That quote, in all its incarnations, has been attributed to artists, writers, poets, philosophers, actors.

Like this Ficus microcarpa, the quote comes in many varieties. This tre was once called “nitida”. Kinda like a tiger bark but without the bark.

Get out the saw, add a little wire. Do you know what the purpose of wire is? It’s two-fold. The first is obvious, to hold the branch while we bend it. The second is to protect the branch from breaking, as we bend it. Kinda like when we are under stress, sometimes a blanket or a hug takes the stress off of us and makes the change easier.


……it can only protect where it touches. Let your friends into your life.

….that’s what life is, spending moments and remembering those moments when, perhaps a shared joke, or a drink, or meal, make the loneliness that is the true reality of man, go away for a little while. And it’s those moments one should cherish.

Brazilian raintrees were brought into this country (the USA) by a man named Jim Moody. I never met him, I don’t believe, but I was good friends with his grandson, Allen Carver. He left us recently. I never got to say goodbye. But every time I work on a Raintree, I think of him.


This one came from Jim, to Michael Cartrett, to Javier Cortez, it was an air layer off a big tree that grew in Mike’s yard. And it went to another friend who went his own way, Jose Perez. He had to sell it after a divorce, and now it’s Doug’s. I get to work on it from time to time.

The story of trees are often as compelling as the trees themselves.

I’m glad I get a part in the story. A small part.

Tuning a guitar. Trying to get the spaces between the strings just right. So that the song sounds good. That’s Jack, a good friend I don’t get to spend too much time with.

Life is not the counting of numbers, it’s the space between those numbers.

How much can you fit into an hour, a minute, a second? How much should you? Can the appreciation on that infinitely divisible moment of time between the seconds in your life be enough, or do you need to fill up those moments with importance?

How many beats per minute does your heart count? Are we promised only so many beats per lifetime? Is it written in our genetic code? Or do we just time of the calculation and stop counting? How many leaves on this buttonwood? Does it matter?

It’s like the space between the branches. The air around the tree. This gives meaning to the tree.

And some things you just gotta see in person. Go to a bonsai exhibit, or all you’re seeing is the blast of pixels in an image against your retina. We “see” with all our senses.

The best story will never be written because it’s your story and you’re making it up as you go along with your life.

The story has truth and lies. And even the most honest of us have all these things we tell ourselves to help us get through the day. But we believe them.

Kurt Vonnegut said “We are what we pretend to be, so we must be careful about what we pretend to be.” in the novel Mother Night, in 1962. Harsh and cruel. You should read it.

Another buttonwood. Let’s help it along. It needs stress and pressure to forge it into what it wants to be.

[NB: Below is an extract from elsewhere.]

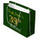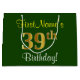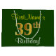 Den här enkla presentsäcksdesignen i eleganten innehåller ett personlig som "FirstName's 39 Birthday!" (med "39:e" som har ett utseende som påminner om guld) på gröntens färgad. Namn är i skriptliknande gult-färgad och kan anpassas. En sådan här personlig-födelsedagspressning skulle kanske kunna användas när en present eller gåva till någon som firar sin trettionionde födelsedag är ge. [~Z0000254]

It needs that blanket so the branches don’t snap and break, as we bend it. This time there’s wire and a secondary wrapping of self amalgamating, rubber, electrical wrap.

How about this pot? Made by an auto mechanic that builds transmissions. Lynn Baker, goes by the name Herr Lynn. A local potter from the west coast of Florida.

I think it adds to the story.

But the story is false. This buttonwood may have started out on a beach in Florida, but it’s nature wants it to grow straight. Like the branches in the first pic

That’s why it’s species as designated as “erectus”. Like the hominid Homo erectus, an ape that walks upright, Conocarpus erectus will grow straight, but if it’s in the environment like the southern Florida coast, with the hurricanes, the sun, the surf, alligators and crocodiles, and the land developers and tourists, all causing stress and beating down and torturing the tree, it will be transformed into the twisted trees we so love.

We have to tell a story, a true one, but not true in this case, of all the struggles a buttonwood can go through and live.

To get back to our initial pondering in the title of this article, it was Picasso who was first quoted saying that art is a lie, in 1923. Here’s the full quote, translated from Spanish:

“We all know that art is not truth. Art is a lie that makes us realize truth, at least the truth that is given us to understand. The artist must know the manner whereby to convince others of the truthfulness of his lies. If he only shows in his work that he has searched, and re-searched, for the way to put over his lies, he would never accomplish any thing.”

6 thoughts

  1. Thank you. Deep and thoughtful, but I can agree with Picasso’s sentiments. Where would we be without artists? It would be a sad old world. Stay safe and best wishes. Chris, Old Bar NSW Australia.